Ахилл: Конечно, аномалия; но она имеет прецеденты в литературе.
Черепаха: В литературе — да, но в действительности?
Ахилл: Раз уж вы меня спросили, должен признаться, что я этого сам толком не знаю. Надо подумать. Но этого недостаточно, чтобы убедить меня, что я — персонаж Диалога. Есть ли у вас какие-нибудь другие доказательства?
Черепаха: Помните тот день, когда мы с вами встретились в парке, как нам тогда показалось, случайно?
Ахилл: Когда мы говорили о «Крабьих канонах» Эшера и Баха?
Черепаха: В самую точку попали!
Ахилл: Помню, что где-то в середине нашего разговора появился м-р Краб, наговорил забавной чепухи и исчез.
Краб: Не «где-то», Ахилл, а ТОЧНО в середине.
Ахилл: Ну ладно, хорошо.
Черепаха: А вы заметили, что в том разговоре мои реплики в точности повторяли ваши, только в обратном порядке? Несколько слов были изменены, но в остальном наша беседа была симметрична.

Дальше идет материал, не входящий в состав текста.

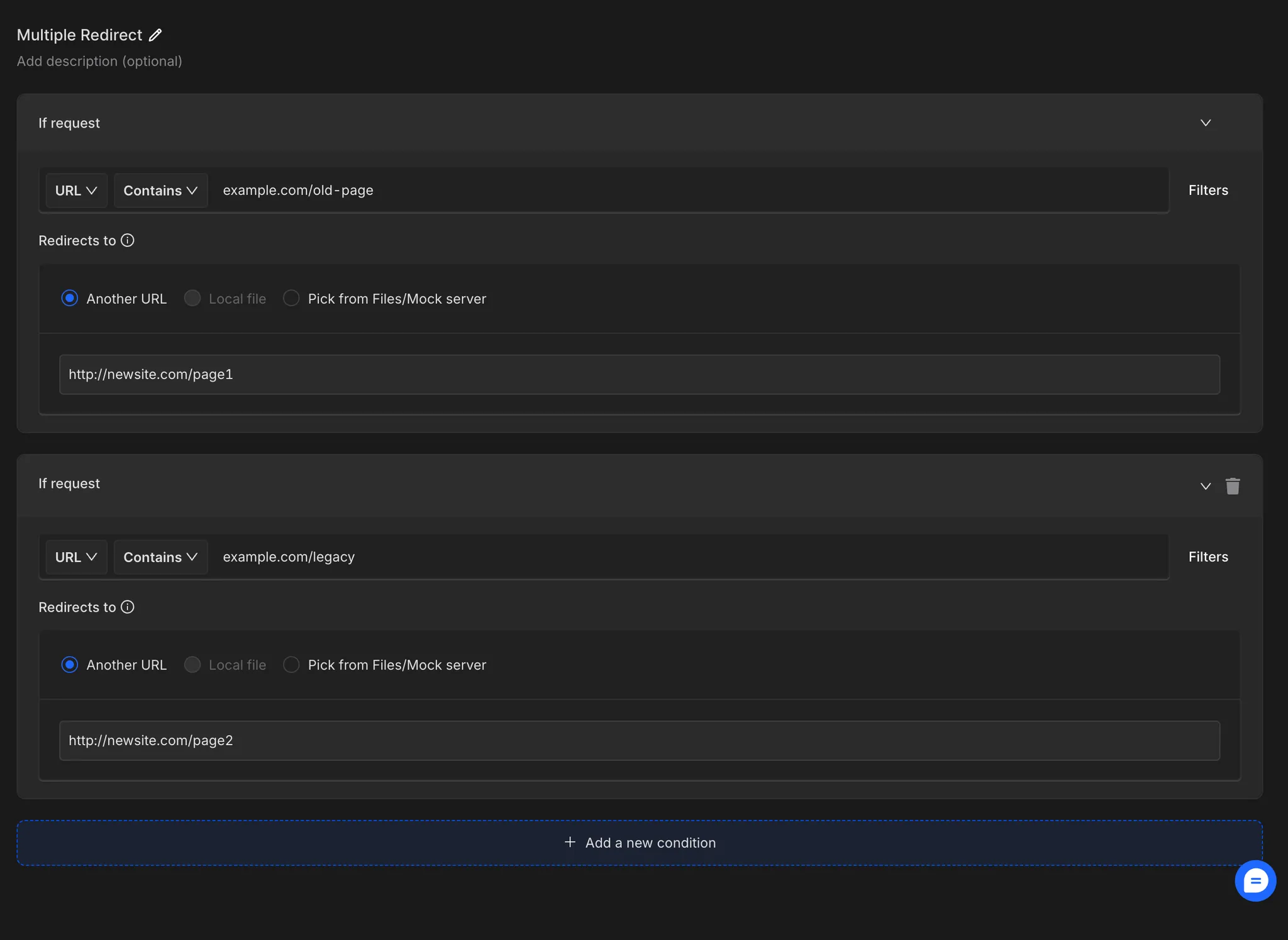 The Redirect Rule in Requestly allows users to define multiple conditions within a single rule, enabling different URLs to be redirected to different destinations. Instead of creating separate redirect rules for each URL, you can consolidate multiple redirections into one rule for better organization and efficiency.

Ахилл: Подумаешь! Какой-то трюк, только и всего. Наверное, все это было устроено при помощи зеркал.
Черепаха: Трюки и не зеркала тут ни при чем, Ахилл, — всего лишь усидчивый и старательный автор.
Ахилл: Ну и волокита! Не представляю, как кому-то могут нравиться такие вещи…
Черепаха: Наши мнения по этому вопросу расходятся.
Ахилл: Этот разговор почему-то кажется мне знакомым. Где-то я уже слышал эти реплики…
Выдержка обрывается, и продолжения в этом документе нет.